So i just found out i replied to my room mates craigslist ad. Akward
I couldnt decide if i wanted to pee first or vomit. So i Peed sideways while throwing up into the tub.
Seriously this night has "go home now before you cry, puke or scream on someone" written all over it.
Look. If you're going to be my girlfriend you need to be down with me licking BBQ off your face infront of kids.
Considering that your "hello" was replaced with "Fuck yo couch," I'm not surprised that you have a black eye.
Mate, you pissed in my bed. Then told me to "Just keep swimming"
So, I without a doubt haven't used the bag I'm now carrying since we were dating. Just had to discreetly throw out an unopened magnum in a bus station.
not sure when or how we ended up at this wedding party but you need to be here they are handing out screwdrivers and Yamakas to everyone and it's a got damn open bar you need to be here now
I didn't rip your fishnets, WE ripped your fishnets.

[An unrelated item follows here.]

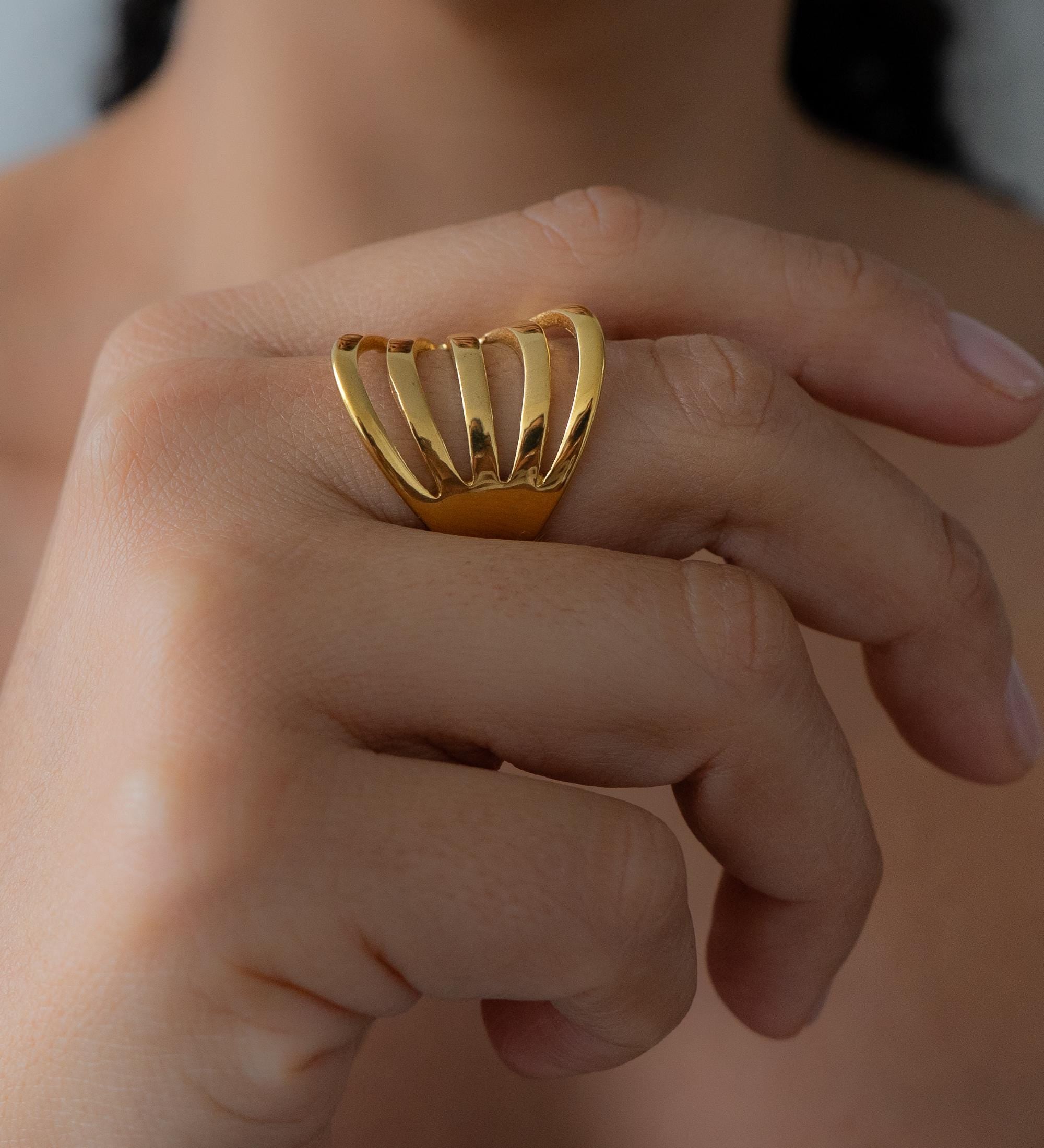 Gold Black/Turquoise/Burgundy Rising Sun Ring
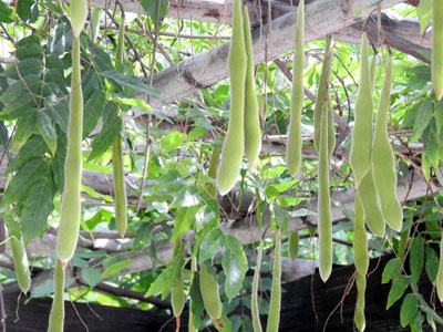 | フジの豆果(果実)は長さ10〜20cm。表面はビロード状の短毛が密生。 | |

We need some Captain and Fanta. That shit will change your life. Sidenote, bring an IV drip to hook me to in the morning
The magnum condom fits. I feel like a manly version of cinderella
HOLY SHIT HOLY SHIT HOLY SHIT HOLY SHIT
So I just ran in to the Couger you saw me take home last month who i haven't talked to since then at Wawa and she was PISSED.. APPARENTLY i fucked her niece last week
How are you feeling today?
Like Satan handed me a grenade and ass sandwich.
I would never blame a unicorn for anything.....how dare you
The fact that you cheered yourself on while you puked saying it was your first college puke, blacked out, and sang taylor swift to the toilet confirms the fact that we are related. I've never been more proud.